Immunotherapy has saved countless lives in advanced melanoma. However, approximately 50% of people do not respond to treatment. One of the biggest barriers to improving survival rates is drug resistance.
New research from Melanoma Institute Australia (MIA) has given us a greater understanding of how cancer becomes resistant to immunotherapy. Immunotherapy works by harnessing the body’s own immune system to destroy melanoma cancer cells.
The researchers previously discovered that melanoma tumours that are resistant to immunotherapy often stop expressing basic protein machinery called antigen-presenting molecules (specifically MHC-I and MHC-II). These molecules make the tumour visible to the immune system so that they can be destroyed.
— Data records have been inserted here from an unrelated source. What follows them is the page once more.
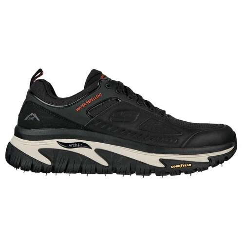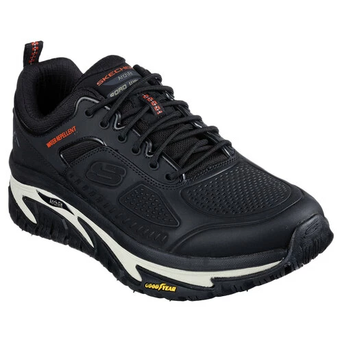 Rip up the road or off-road terrain with durable comfort in Skechers Arch Fit® Road Walker-Recon. This Relaxed Fit lace-up features a water-resistant leather upper, removable Skechers Arch Fit® insole with patented Skechers Arch Fit Technology, and a Goodyear® performance outsole.
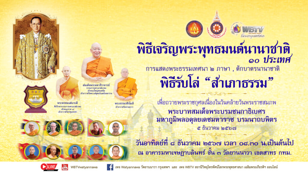 เนื่องในวันคล้ายวันพระบรมราชสมภพ พระบาทสมเด็จพระบรมชนกาธิเบศร มหาภูมิพลอดุลยเดชมหาราช บรมนาถบพิตร คณะสงฆ์ วัดยานนาวา ,สถานีวิทยุโทรทัศน์โลกพระพุทธศาสนาเฉลิมพระเกียรติฯ WBTV ,ภาคีเครือข่าย ตลอดจนพุทธศาสนิกชน ประชาชนที่ศรัทธาต่อพระพุทธศาสนา เทิดทูลสถาบันพระมหากษัตริย์ ก่อเกิดโครงการ“เจริญพระพุทธมนต์นานาชาติ, แสดงพระธรรมเทศนา 2 ภาษา และตักบาตรนานาชาติ” เพื่อน้อมถวายเป็นพระราชกุศล พระบาทสมเด็จพระบรมชนกาธิเบศร มหาภูมิพลอดุลยเดชมหาราช บรมนาถบพิตร เตรียมจัดงานยิ่งใหญ่ถวายพระราชกุศล ในวันอาทิตย์ที่ 8 ธันวาคม 2567 เวลา 07.00 น. ณ วัดยานนาวา เขตสาทรกรุงเทพมหานคร
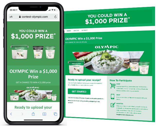 Leveraging Snipp's receipt validation technology, we developed a purchase-based sweepstakes where consumers who purchase qualifying Olympic products can upload their receipt and register for the program on the Snipp hosted microsite https://www.contest-olympic.com/ to earn an entry for each product purchased. Consumers were entered for a chance to win 1 of (20) $100 Pre-Paid MasterCards procured and fulfilled by Snipp.
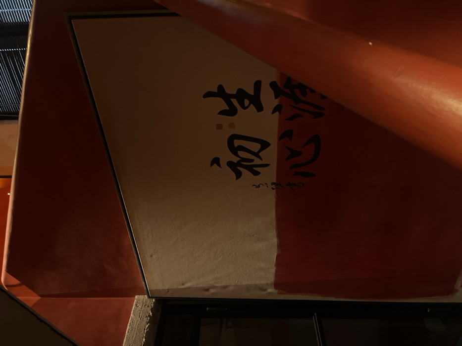 A partially obscured sign with Japanese calligraphy is mounted on an angular red structure. The sign is divided vertically, with a beige left side displaying black characters and a red right side with additional black calligraphy. The red structure appears to be part of a building's exterior, possibly a temple or traditional building. A dark window or doorway is visible below the sign.

Using tumour biopsies from MIA’s BioSpecimen Bank, the researchers developed a technique that can screen for the presence of these molecules before patients commence treatment, providing clinicians with an evidence-based rationale for selecting a certain drug treatment regime.
Combination immunotherapy (e.g. nivolumab + ipilimumab) is a more effective treatment than a single-agent immunotherapy (e.g. pembrolizumab or nivolumab alone), however the side effects of combination treatment are more common and can often be intolerable.
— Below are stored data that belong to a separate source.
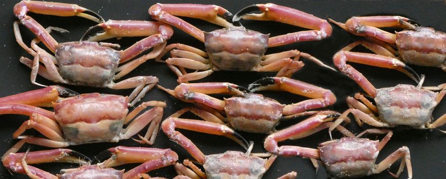 Foto's: Gerrit Doeksen (leadfoto: compilatie van in totaal zeven Hoekige krabben, gevonden door Gerrit Doeksen en Kees en Hannie Peeters op 6 en 7 januari 2020 op Terschelling, tussen paal 11 en 19); Rykel de Bruyne.
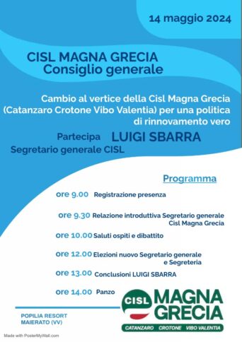 MAIERATO Sarà l’intervento del segretario generale nazionale della Cisl Luigi Sbarra a concludere, domani, martedì 14 maggio nel Popilia Resort di Maierato, il Consiglio generale della Cisl Magna Grecia – Catanzaro Crotone e Vibo Valentia, nel corso del quale verranno eletti il nuovo segretario generale e la nuova segreteria. Il Consiglio generale, che avrà inizio alle ore 9,30, sarà introdotto dalla relazione del segretario generale uscente Salvatore Mancuso.
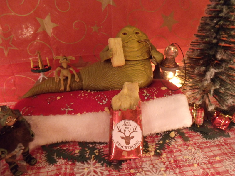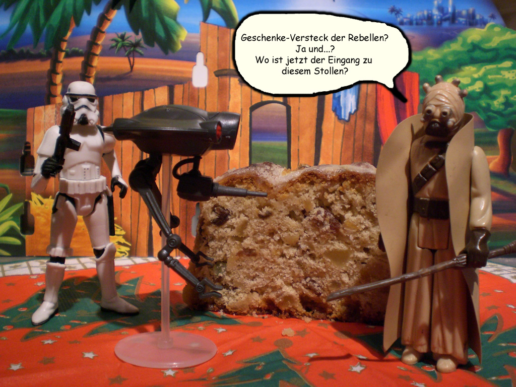 For our English reader's: Stollen (the pastry) and Stollen (mine tunnel/gallery) is the same word in German! So the Tusken says to the Search-Droid: "A hideout for presents from the Rebels? And? Where's the entrance?"
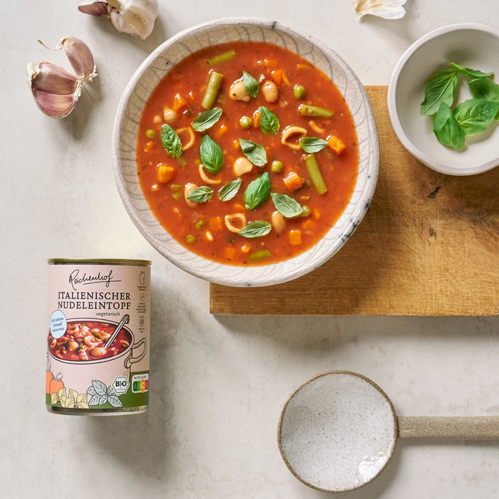 Inspiriert von der italienischen Minestrone: Nudeln, Tomaten und viel Gemüse sorgen für ein aromatisches und vollwertiges Gericht.

“This research provides a means of selecting the most effective immunotherapy for each patient,” said the study’s senior author Professor Helen Rizos. “Patients with high MHC-I are likely to benefit from the less-toxic single-agent treatment, whereas patients with low MHC-I may require combination immunotherapy.”
“We now want to build upon this ground-breaking research and are working to overcome this resistance mechanism so tumour cells are more visible to the immune system,” said study author and Co-Medical Director, Professor Georgina Long AO. “When we can do this, we may overcome resistance to immunotherapy.”
Shklovskaya E, Lee JH, Lim SY, et al. Tumor MHC Expression Guides First-Line Immunotherapy Selection in Melanoma. Cancers 2020, 12, 3374.